I hadn’t cleaned enough of the damage for someone as smart as Lex to miss
that either. And they hated my goddesses. Any guesses?
“I haven’t found
anything missing,” I said, noncommittal. “But it’s hard to tell, this
early.”
We eyed each
other, letting the silence stretch. Me, because I had theories I wanted to
protect awhile longer. Him… who could tell? Maybe he had secrets too. Or
it could just be his love of a good competition.
Either way,
neither of us ‘fessed up to anything.
He turned away
first—though it may have been a simple courtesy. “You really need a
monitored security system, Mag. If you can’t afford one, I wish you’d let
me—“
Blessedly, my
phone rang to cut him off before he tried to buy me yet again. Even during
the good times, we generally argued when he did that.
I noticed the bits
of broken Venus on the rug and thought, at least when I notice he’s
doing that.
Another ring. He
turned away to look at other bits of damage, giving me an illusion of
privacy. It wasn’t the best circumstance under which to take a phone call,
but I didn’t want the answering machine to pick up and broadcast anything
to him.
Too bad I’d
already rehooked the machine. So I answered. “Hello?”
“How soon can you
get to France?” Sure enough, it was my cousin Lil—likely on business Lex
shouldn’t know about.
I used every bit
of self-control to say, “I have company. Call you back?”
There was a long
pause while she took that in. Then Lil asked, “Is it who I think it is?”
Maybe she’s psychic.
Maybe she’s just really smart. Does there have to be a difference?
I peeked over my
shoulder at Lex. He’d decided to make himself useful and was shelving some
of my scattered books, scowling at the destruction. Or at their titles,
which made me wince inwardly. They were books on ancient goddess cultures.
“I think it is.”
“I’ll call you,”
she said, and hung up. Quickly. I wondered if she’d gotten off the line
before a trace could be run… assuming anybody was running a trace.
She would call
back from a different phone, likely using someone else’s three-way dialing
to confuse matters further. Just in case. We’re amateurs at the
cloak-and-dagger stuff, but we learn fast. And as much as I hated bowing
to that kind of paranoia… well, someone had broken in.
Lex turned back to
me, solemn, as I set down the phone. His rich hazel eyes didn’t flinch.
“You used to trust me.”
Did he
purposefully choose the best way to wound me, or was he just expressing
his own pain? Maybe there was no difference there, either. I didn’t want
to do this again. It had hurt both of us too much the last few times.

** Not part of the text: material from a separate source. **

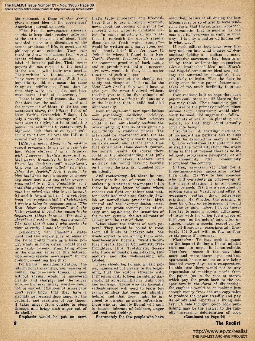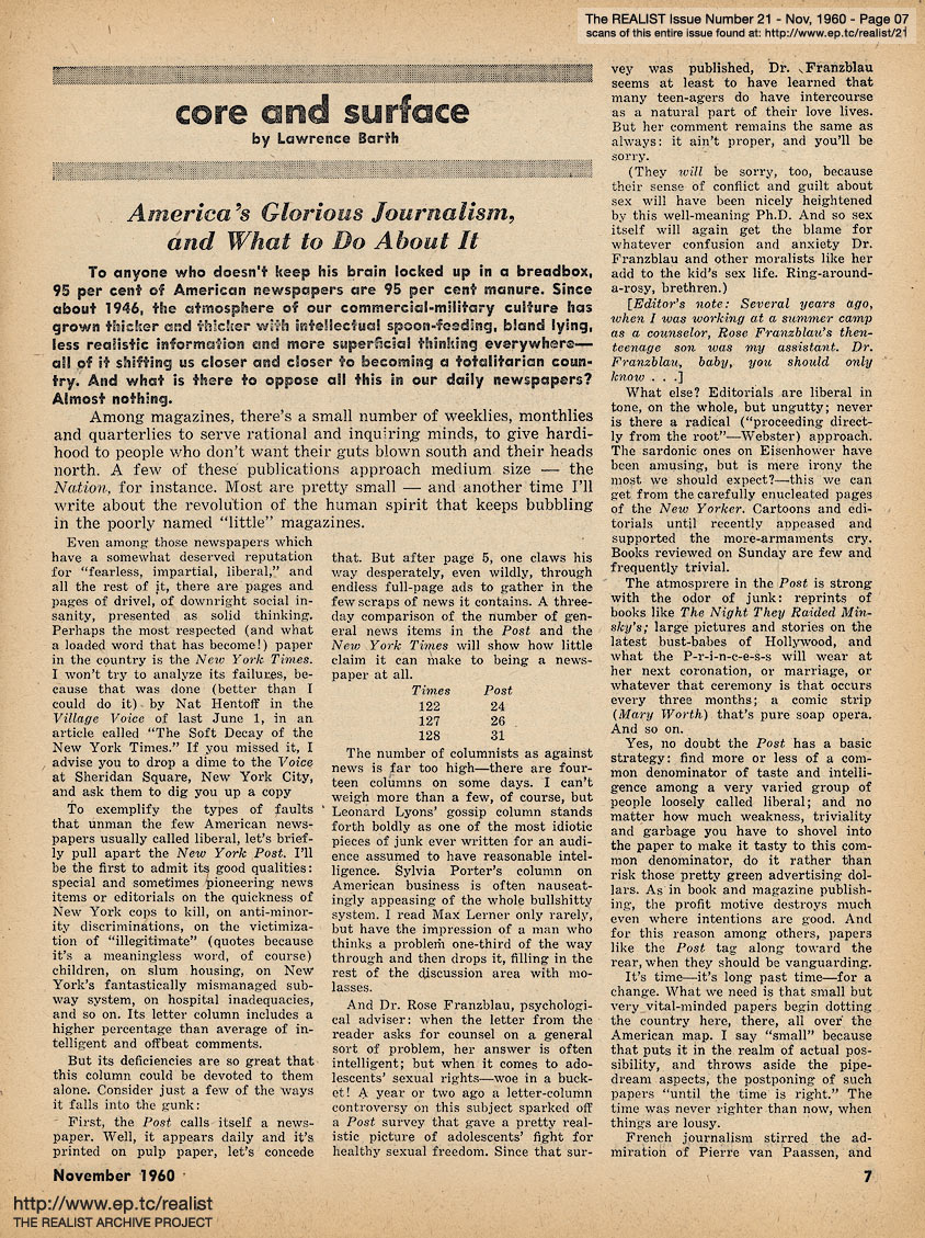 NOVEMBER 1960 CONTENTS: Page 01: THE MYTH OF SPACE TRAVEL AS A SOLUTION TO THE POPULATION PROBLEM by Garrett Hardin, Department of Biological Sciences, University of California -- Page 02: SIR REALIST (letters) and HOW TO WIN VOTES AND INFLUENCE PEDDLERS by Bob Abel -- Page 03: EDITORIAL TYPE STUFF - Cancer and Krebiozen - Interstellar By Starlight - Groupthink - Mother-Loving Carelessness - Santa Claus Is a Fink -- Page 04: Neither For President - A Thought For Thanksgiving - Early Training: One - Contributions -- Page 05: TRAMPOLINES: The Five-Fold Way to Karmic Bliss by Sam Bluefarb -- Page 06 -- Page 07: CORE AND SURFACE by Lawrence Barth, America's Glorious Journalism, and What to Do About It -- Page 08 -- Page 09: KARL MARX SLEPT HERE by Marvin Kitman and WHAT'S THE CATCH by Marshall E. Deutsch -- Page 10 -- Page 11: THE TOLERANT PAGAN by Reginald Dunsany, The Christian Century vs. Sick Humor, and Other Assorted Bits of Battle -- Page 12: SICK JOKE OF THE MONTH -- Page 13: Cartoon: "Ye Must Be Born Again!" by Eric -- Page 14 -- Page 15: IT'S ALL RELATIVE(S) by Darrell Huff -- Back Cover: MODEST PROPOSALS by John Francis Putnam

Still, I couldn’t not answer. “You didn’t used to work for your
cousin.”
He tried a wry
smile. “I never said Phil isn’t an asshole, Mag.”
“And yet you cover
for him, despite last year’s trial.”
“In which the
charges were dropped.” And they had been. Espionage. Perjury. Insider
trading. Unfair monopoly.
Like magic.
“After an
undisclosed settlement,” I reminded him. “That you won’t even talk about.”
He took a deep
breath—on him, a sign of increased upset. “Because I signed a contract of
non-disclosure.”
“Damned
convenient, that. The ends don’t always justify the means, Lex. Sometimes
the means are everything.”
“The stockholders
seem happy enough.”
I said, “So marry
one of the stockholders.”
He stiffened. “I
was just worried about an old friend, Magdalene. Don’t flatter yourself
that there’s more. Marriage hasn’t been on the table for some time.”
I forced myself to
say, “Good.”
That brought him
up short. It hadn’t been my intention, whether he deserved it or not. And
I still didn’t know, couldn’t possibly guess if he really deserved it.
That’s the part
that really sucked. Not knowing. And he’d fixed things so I would never
know.
“Oh, Lex, I didn’t
mean it that way.” I crossed to his side, torn. An enemy, I could fight.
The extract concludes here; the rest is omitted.